In the present invention, "%" is mass percent, acid value is in mg/g in KOH and peroxide value is in meq/kg unless otherwise specified.
Another object of the present invention is to provide a fat and oil obtained by the above fat and oil extraction method.
Still another object of the present invention is to provide a microbial crude oil obtained by extraction with a solvent method, wherein the polyunsaturated fatty acid content is higher than 40%, the phospholipid content is not higher than 160ppm, the acid value is not higher than 2 (mg/g in KOH), the solvent residue is not higher than 100ppm, the peroxide value is not higher than 1meq/kg, the anisidine value is not higher than 5, and the impurity content in the oil is not higher than 5%. By optimizing the process of extracting the grease, the impurity content can be less than 1%.
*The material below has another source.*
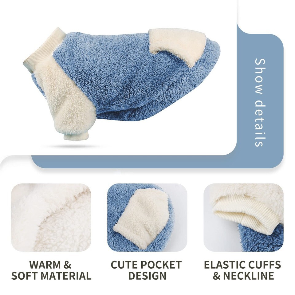 Fleece dog sweater: Made from soft and comfortable material, with plush furry handfeel, make this doggie sweater warm and cute. The sweater fabric is stretchy, wrapping around your pup like a hug but not tight.
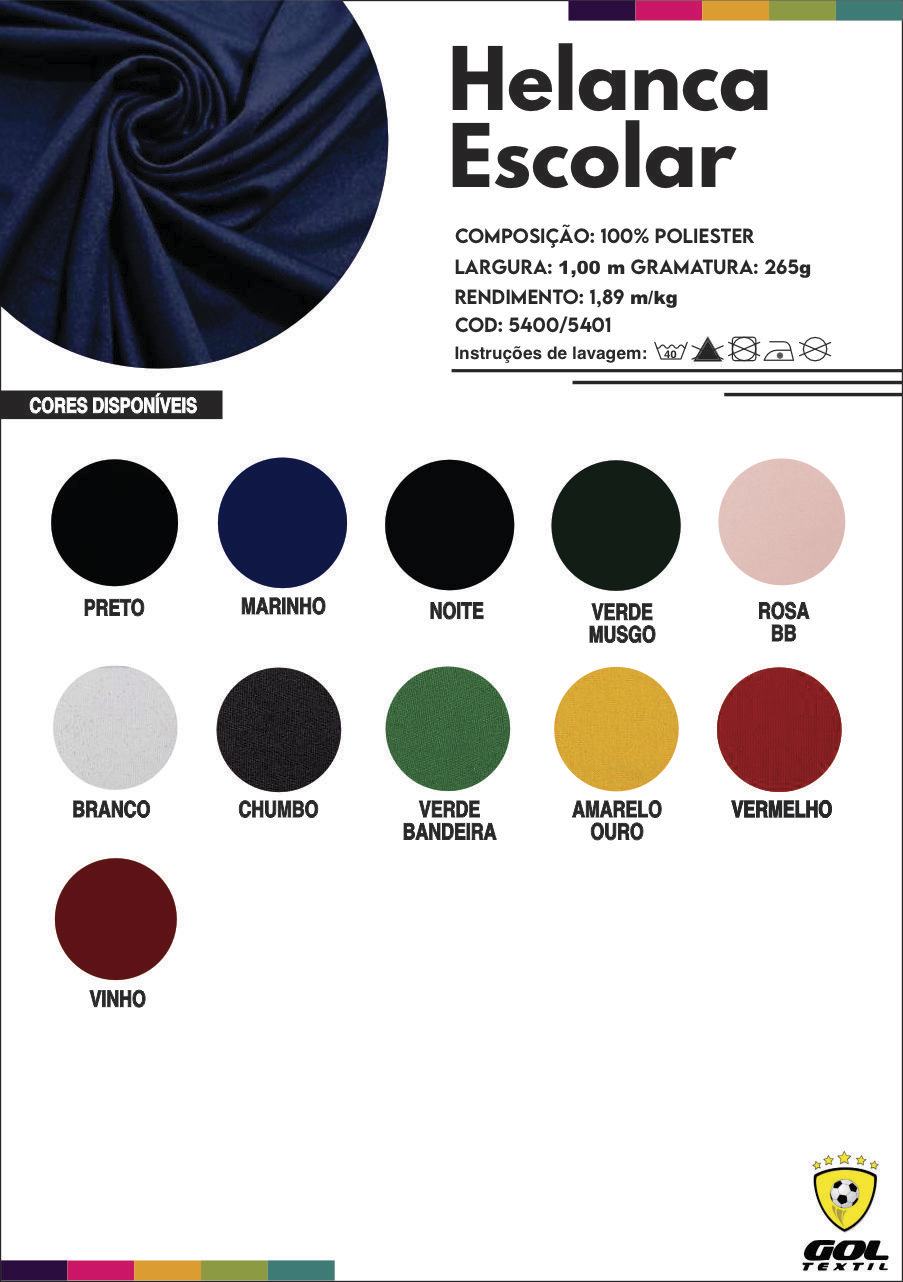 Composição: 50% Poliéster 50% AlgodãoCódigo: 2019Gramatura: 170 g/m² ±5%Largura: 1,20 m ±5%Rendimento: 2,45 m/kg

In the field, as the crude oil can be refined to obtain the finished oil, the index control attention on the crude oil is not high, and the crude oil obtained by solvent extraction has very high solvent residue which can reach 3000ppm, and the phospholipid content in the crude oil can reach 800ppm, so that the direct application requirement is difficult to meet. The index-controlled microbial crude oil, particularly DHA crude oil, provided by the invention, has the DHA content of 40% or more, and the index control difficulty of DHA grease is highest due to the high unsaturation degree of DHA.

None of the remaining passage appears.